作者有话要说:  今天是我第一次榜单,鞭腿第一天^_^虽然因为抽了榜单还没替换,不过还是很激动的!所以更新了三千多,祝大家食用愉快!

☆、可汗枕边的大将军(下)

  “朕让你知道,什么最痛!”
  “啊……大可汗……”张宏虽面上惊恐万状,心中却暗自高兴。然而心里一百个愿意也不能迎上去,以往的经验告诉他,大可汗喜欢掌握所有的主动权,如果自己主动迎上,反而会被一把扔出去。
  “斯路!必阿巴克斯代他……#*……”耶律天泽粗暴地行使自己的主动权,一串听不懂的觉罗语从口中冒出。
  虽然听不懂,凭借语气猜猜也知道是床上的脏话,他每次一到兴头上,就是如此鬼话连篇。张宏仰在床上任由他摆布来摆布去,虽然他是粗暴一点,翻云覆雨的床上功夫却令人着迷沉醉。
  不过大可汗心里到底有几分存着自己,几分存着别人?想到他这几日来见到陆瑾后痴心缠绵的样子,对陆瑾的种种好处,张宏心里一团妒火蹭蹭往上窜,紧紧抱住耶律天泽,抚摸着他赤|裸的脊背,轻声问道:“大可汗,我们会一直好吗?没有任何人可以破坏我们的感情是吗?”
  “嗯……当然!”耶律天泽大声喘着气,提着嗓门道,“别扫兴!”
  耶律天泽觉得这种话扫兴,张宏赶紧闭了嘴。
  【大和谐】
  “大可汗……嗯……”张宏大汗淋漓,抓紧了身下的床褥,双脚的后跟在床上使劲摩擦划下,“啊……”
  “塞日!”耶律天泽满意地撑起身子,长舒一口气,对张宏吼道,“你是一只苍蝇吗!声音这么小!”
  “大可汗,已经七次了,末将觉得有点……”
  “不行了?没用的东西!”张宏已经筋疲力尽地瘫在床上,耶律天泽一把拎起他的腿,又将他翻了一面,“别扫兴!不然朕让你死得很难看!”
  【大和谐】
  ……
  这一夜不知是怎么过来的,张宏睁开眼,被窗外射入的强烈日光刺得一晕。想动一动,感觉身体已经不听自己使唤了。

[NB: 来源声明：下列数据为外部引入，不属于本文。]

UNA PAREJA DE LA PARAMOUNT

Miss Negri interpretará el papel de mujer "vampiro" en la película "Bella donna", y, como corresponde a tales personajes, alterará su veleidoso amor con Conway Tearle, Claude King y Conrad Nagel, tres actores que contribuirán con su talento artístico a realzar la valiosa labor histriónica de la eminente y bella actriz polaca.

  “压玛去和鬼!”昨晚才干第八次就晕了!一晕就晕到了下午!耶律天泽看张宏醒来,不悦地吼道,“没用的东西!就你这点能耐还当什么将军!”
  “末将无能……”张宏倏地从床上滚下来,胡乱地将自己衣物裹在身上,往门口冲去,“末将现在就滚!”
  “站住!”耶律天泽大喝一声,“朕还有重要的事情命令你去做!”
  “请大可汗指示!”张宏刚要迈过门槛的脚又收了回来,连忙拜倒在地。
  “蠢货!昨日已经命你围城,你不知道今天干什么吗!”耶律天泽往门边走近两步,面无表情地低头说道,“城中女人、老的、小的,全都杀掉!成年男人抓起来,十个一组,一组一组带来给朕看。”
  “啊?”张宏心里犯起嘀咕:以往屠城不都是全部杀掉么?这回抓男人来看干什么?难道屠城不是为了清除宋国残余势力,而是为了某个人……张宏被自己的想法吓了一跳,心里老大不乐意按照他的命令做了。

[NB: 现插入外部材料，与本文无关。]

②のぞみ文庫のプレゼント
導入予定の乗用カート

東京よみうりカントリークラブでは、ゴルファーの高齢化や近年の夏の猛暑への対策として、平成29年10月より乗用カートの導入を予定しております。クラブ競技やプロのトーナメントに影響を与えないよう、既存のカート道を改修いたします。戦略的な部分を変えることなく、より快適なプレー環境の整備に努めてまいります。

  “啊什么!听到没有!”耶律天泽抬起一只脚,勾起张宏的下巴来,阴侧侧道,“一个人也不能漏掉明白吗!别让朕失望!”
  “是!”
  “好了!”耶律天泽一脚踢开张宏,“可以滚了!”
  午后,冈州城一条隐蔽的弄堂中。
  弄堂两旁是人家低矮的白墙,两个身影在两面墙之间缓缓靠近,在两步之外停下。
  “来了?”
  对面的人点点头。
  “陛下昨日收到大越传来紧急书信,已经连夜赶回去了,特意吩咐我在这里等你的。”李日道,“不过,现在冈州所有出口已经被封死了,不知你有何对策啊?”
  “有。”陆瑾转身回走,淡淡道,“跟来。”
  “哎……喂……”李日很想保持自己好冷的形象,好歹也是个大越国的将军!但是,遇到陆瑾这种吃好像了一万年冰块的人——只能追着他,跟在他身边走。

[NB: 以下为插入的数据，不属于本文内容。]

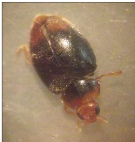
Scymnus fraxini (Haute-Vienne)

Mais l'exemplaire le plus surprenant provient du Tarn (leg. P-O. Cochard). En France, c'est la forme (?) wichmanni Fürsch (décrite comme sous-espèce) qui est représentée selon Gourreau (1974). Celle-ci est noire à motif rouge-orangé. La forme nominale est nettement différente, avec une coloration globale brun à brun jaunâtre et une suture distinctement plus sombre. Ici, l'exemplaire en question possède le motif élytral et pronotal de wichmanni – quoique jaune pâle sur le pronotum, et jaune blanchâtre à l'apex des élytres) – et une coloration brune (plus foncée sur le pronotum) avec la suture nettement obscurcie. La tête, les appendices et les derniers segments abdominaux sont jaunes pâles.

  弄堂口,还站着一高一矮两个挨得很近的人。高的一个是昨天那叫花子,矮的一个不认识。那个叫花子换了身干净衣服,看起来倒是还人模人样。
  “小黑,怎么是你啊!”宋于明惊讶地张大了嘴,冲上前拍了拍李日的肩,“想不到我们是一伙的!”
  “谁和你一伙的!”李日嫌弃地扒开宋于明的手,“你谁啊你!”
  陛下被人欺负了!春服冲上前一把将宋于明护在身后:“你这大胆狂徒!竟然欺负……欺负我家相公!”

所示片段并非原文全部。